Chinese Builders Help Hajj

Courtesy Tina Wang

Hui China Saudi Arabia awards multibillion-dollar railway contracts to consortiums including Chinese companies.

China may keep a tight leash on its own Muslims, but its railway companies are winning lucrative contracts in the Middle East to facilitate Islam’s most important pilgrimage.

Chinese contractors appear to have won over half of Saudi Arabia’s $5.2 billion spending plan to build railway links along the route of the Hajj. They’ll get more as Middle Eastern countries plow money into expanding the region’s rail network.

Chinese President Hu Jintao left Saudi Arabia on Thursday, with a $1.8 billion railway deal inked during his four-day trip. China Railway Construction Corp., a Saudi company and an undisclosed French firm will build a railway from Mecca to Medina that will run at speeds of 230 mph, cutting travel time to just half an hour, compared with a drive that typically takes several hours.

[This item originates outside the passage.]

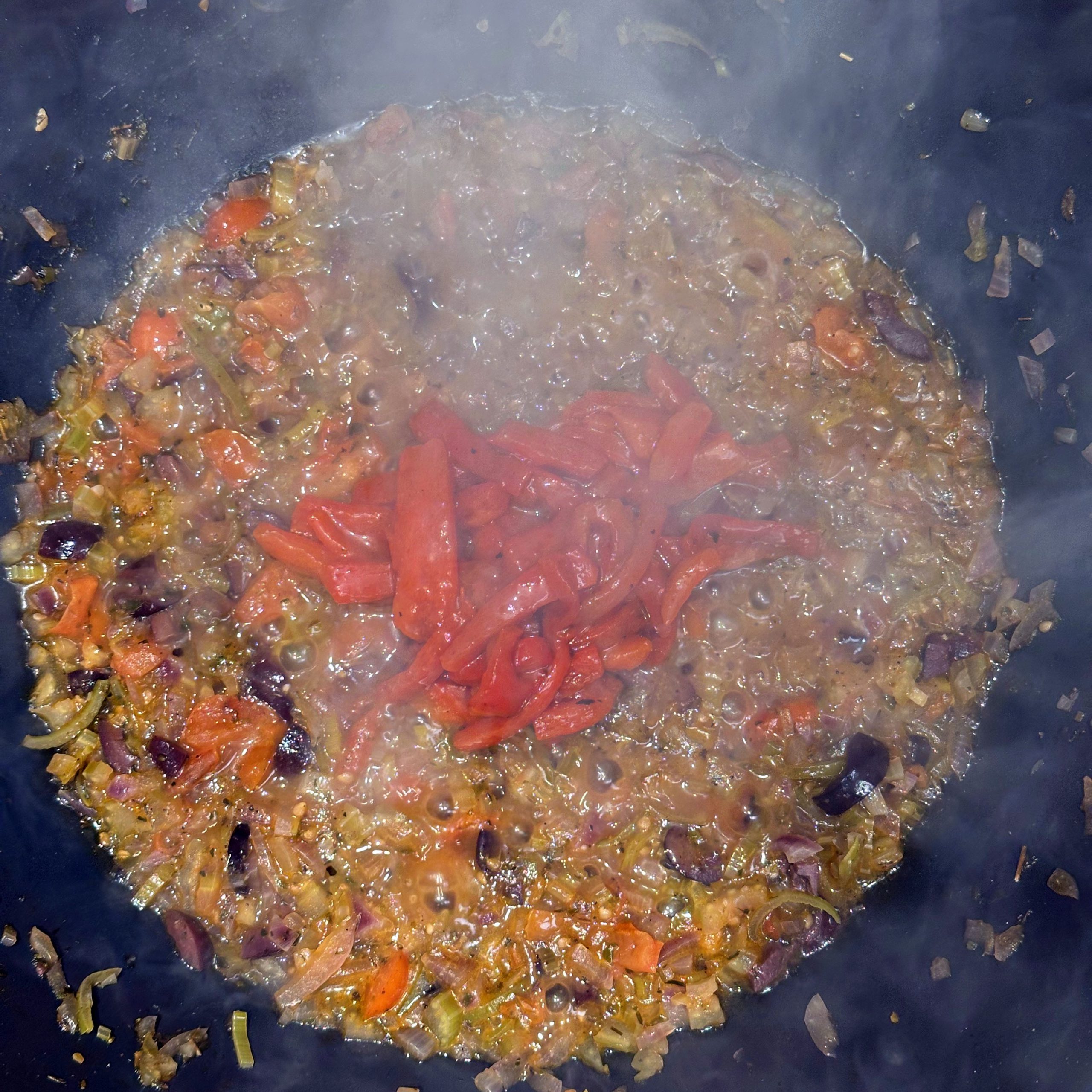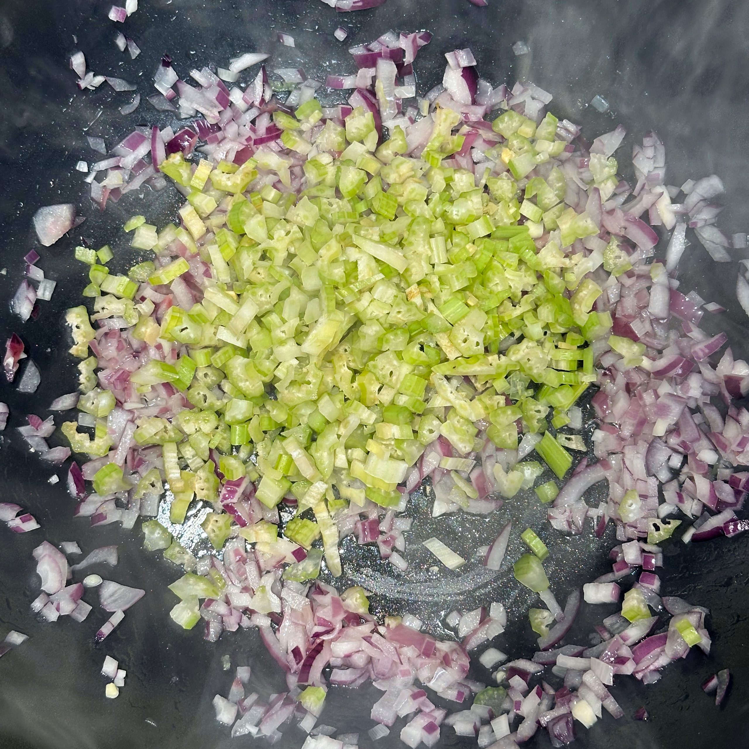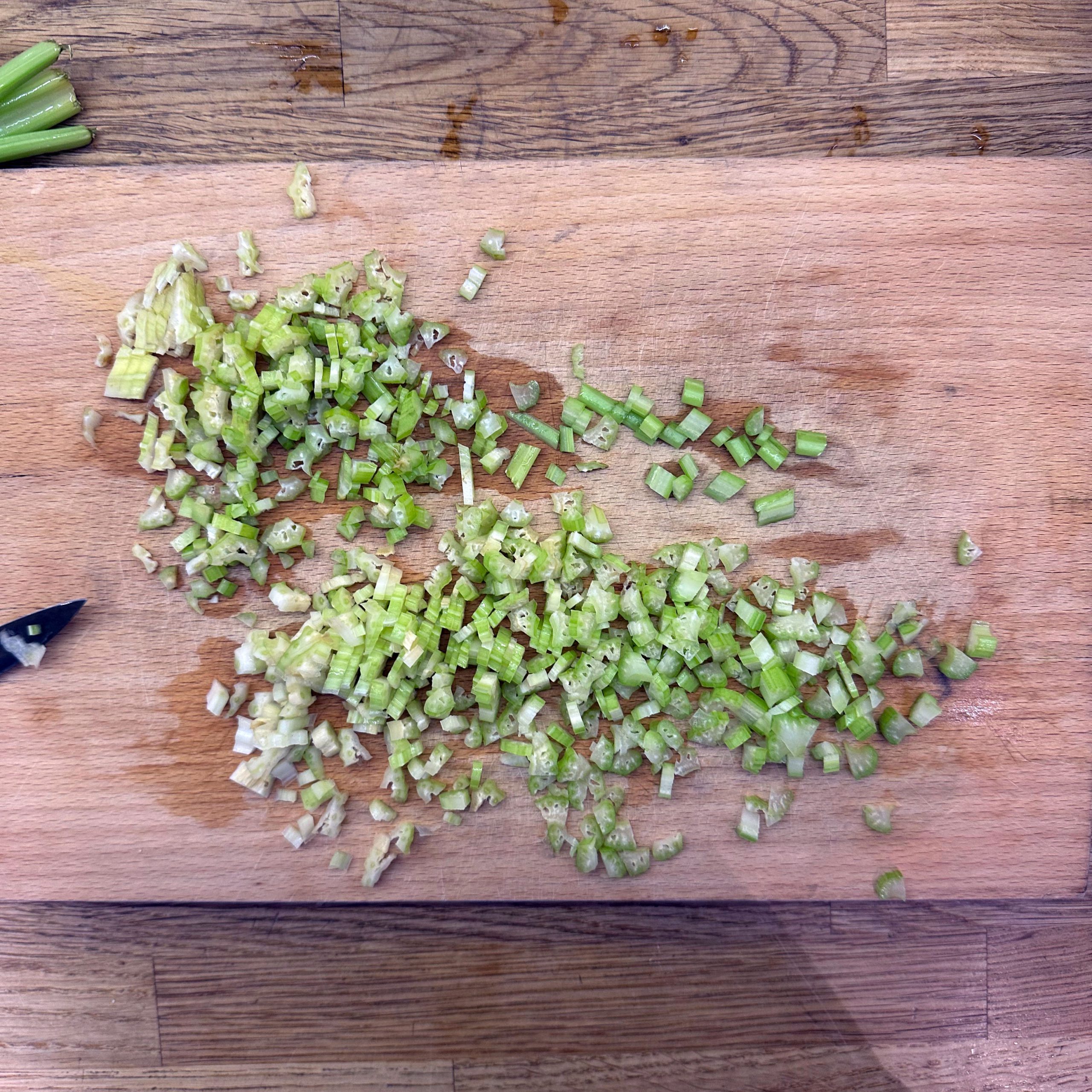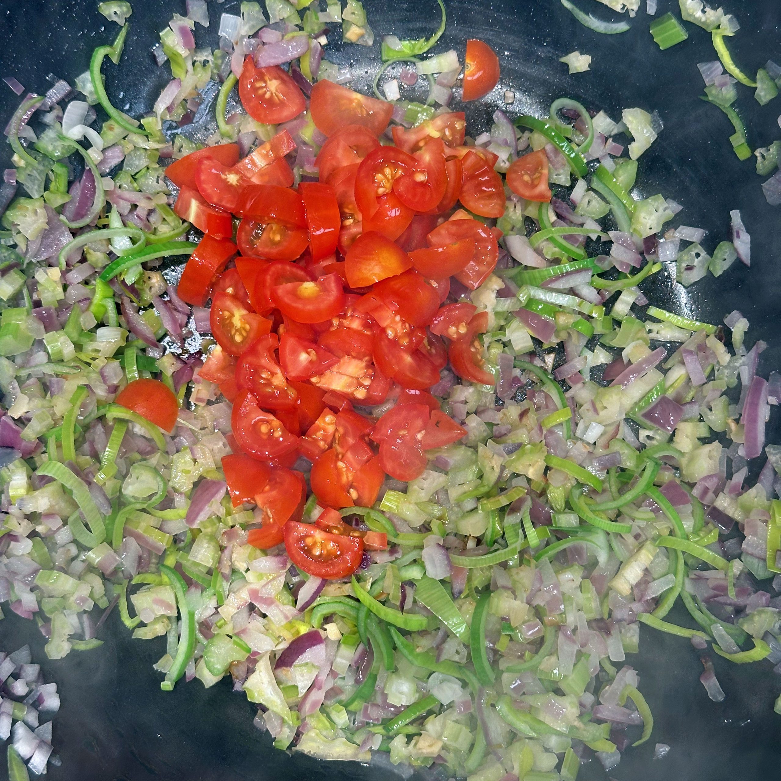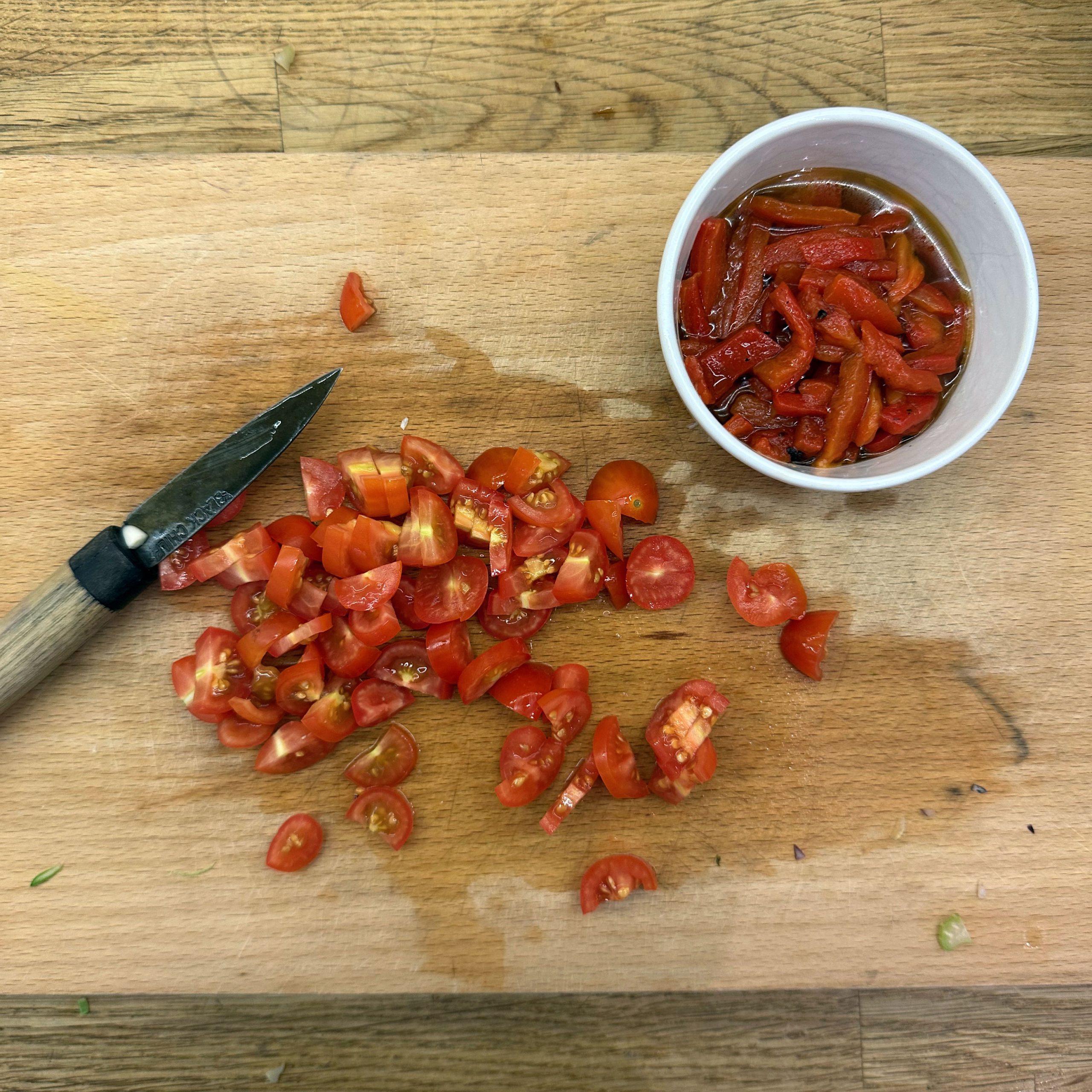 2 Zwiebeln würfeln, 2 Stangen Sellerie in kleine Würfel schneiden, ¼ Stange Lauch putzen und in feine Ringe schneiden und 8 Kirschtomaten vierteln. In einer großen Pfanne 3 EL Olivenöl erhitzen, die Zwiebeln glasig dünsten, dann Lauch und Sellerie hinzufügen und etwa 5 Minuten anbraten. Etwas Paprikasalat vom Vortag und die halbierten Kirschtomaten unterrühren. Mit 150ml Gemüsebrühe ablöschen und etwa 10 Minuten köcheln lassen. 300g Conchiglioni 12 Minuten in reichlich Salzwasser al dente kochen. 1 Dose Thunfisch abtropfen lassen und in groben Stücken zur Soße geben, nur kurz erwärmen. 150ml Sahne einrühren und die Soße kurz aufkochen lassen. Mit Salz, Pfeffer, 1 TL Oregano und 1 EL Zitronensaft abschmecken. Die abgegossenen Conchiglioni auf Tellern anrichten, die Thunfischsoße darüber geben und mit frisch gehackter Petersilie bestreuen. Sofort servieren.

The project is slated to be completed by 2013.

On Friday, China Railway Engineering Corp. was part of a consortium that won a $1.8 billion contract to build another Mecca-Medina rail link, going through the Red Sea port of Jeddah. Both rail projects should help ease traffic from the deluge of worshippers during the Hajj, the annual Islamic pilgrimage to the holy cities. Hundreds have been trampled to death due to stampedes in past years.

While the Mecca deal marks a big overseas contract for China Railway Construction, it is medium-scale compared with the builder’s domestic projects, and so will have a limited impact on its stock price, said BOCI Research analyst Patrick Li. The Chinese railway company had a $5.4 billion initial public offer last March, and its shares have lost only 9.2% of their value since then amid a general market slide.

Riyadh’s plans to spend 450 billion riyals ($120.1 billion) to upgrade the country’s infrastructure over the next five years could represent a bonanza for Chinese builders. Meanwhile, the fact that Hu chose Saudi Arabia as the destination for his first overseas trip in the new year also marks Beijing’s interested in firming up relations with the world’s top oil producer.

Beijing has long regarded its Muslim population, concentrated in the country’s northwestern provinces, with wariness. Organized religious activity is strictly limited and controlled by the Communist Party. Unrest in Xinjiang Province during the run-up to the 2008 Beijing Summer Olympics led to a sharp crackdown.

In Hong Kong trading, China Railway Construction (other-otc: CWYCF – news – people ) added 20 Hong Kong cents (3 cents), or 1.9%, to 10.90 Hong Kong dollars ($1.41).